▸ EXERCISE DETAILS: Reproduce the material below only from the line with "스포트라이트가있는 벽 램프" to the line with "Tokalı siyah dolgu", both included, keeping each line exact and dropping the pictures.

▸ PROVIDED DATA:
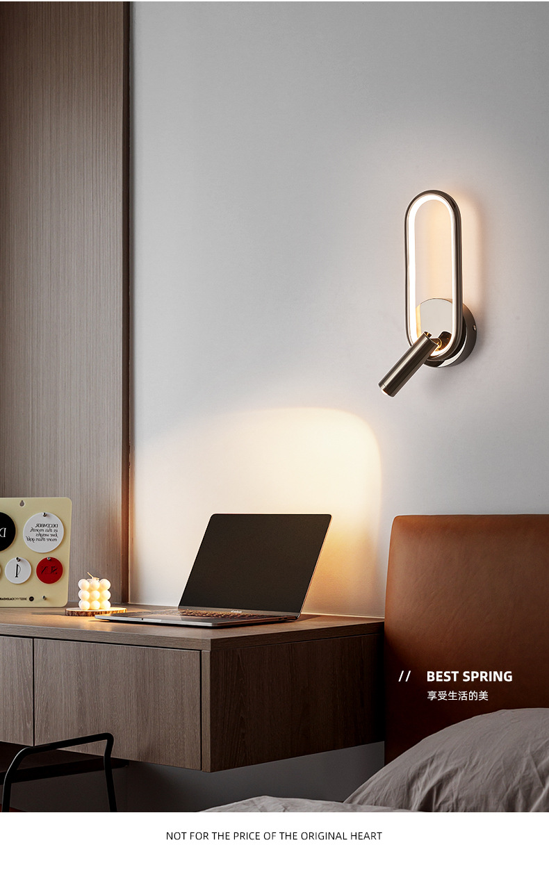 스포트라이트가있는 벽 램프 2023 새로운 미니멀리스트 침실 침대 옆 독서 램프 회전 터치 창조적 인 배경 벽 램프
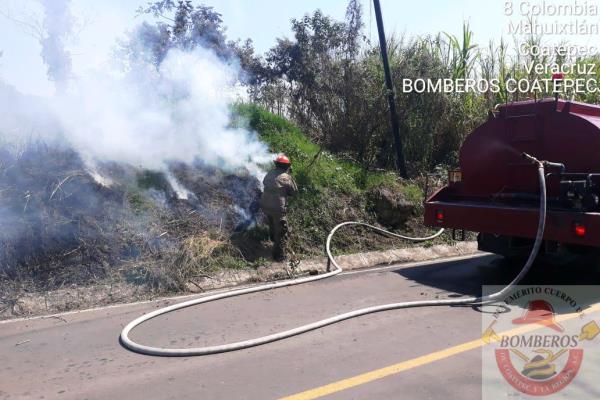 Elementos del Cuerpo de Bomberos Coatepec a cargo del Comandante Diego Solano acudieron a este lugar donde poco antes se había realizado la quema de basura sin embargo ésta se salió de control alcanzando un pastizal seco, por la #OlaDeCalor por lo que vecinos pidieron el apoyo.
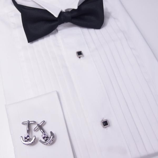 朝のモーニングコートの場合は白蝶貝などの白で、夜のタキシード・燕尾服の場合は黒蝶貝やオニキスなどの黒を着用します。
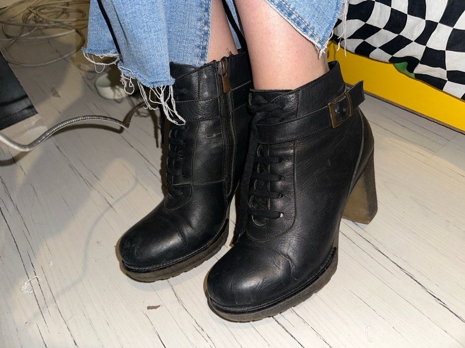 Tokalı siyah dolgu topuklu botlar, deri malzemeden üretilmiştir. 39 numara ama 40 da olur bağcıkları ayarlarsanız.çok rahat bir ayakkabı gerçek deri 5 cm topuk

---

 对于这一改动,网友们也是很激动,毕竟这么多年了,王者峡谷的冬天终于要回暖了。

* * *

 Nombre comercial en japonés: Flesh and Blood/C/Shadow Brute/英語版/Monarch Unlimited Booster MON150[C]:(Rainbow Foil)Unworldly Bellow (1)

▸ ANSWER FOR THE TASK:
 스포트라이트가있는 벽 램프 2023 새로운 미니멀리스트 침실 침대 옆 독서 램프 회전 터치 창조적 인 배경 벽 램프
 Elementos del Cuerpo de Bomberos Coatepec a cargo del Comandante Diego Solano acudieron a este lugar donde poco antes se había realizado la quema de basura sin embargo ésta se salió de control alcanzando un pastizal seco, por la #OlaDeCalor por lo que vecinos pidieron el apoyo.
 朝のモーニングコートの場合は白蝶貝などの白で、夜のタキシード・燕尾服の場合は黒蝶貝やオニキスなどの黒を着用します。
 Tokalı siyah dolgu topuklu botlar, deri malzemeden üretilmiştir. 39 numara ama 40 da olur bağcıkları ayarlarsanız.çok rahat bir ayakkabı gerçek deri 5 cm topuk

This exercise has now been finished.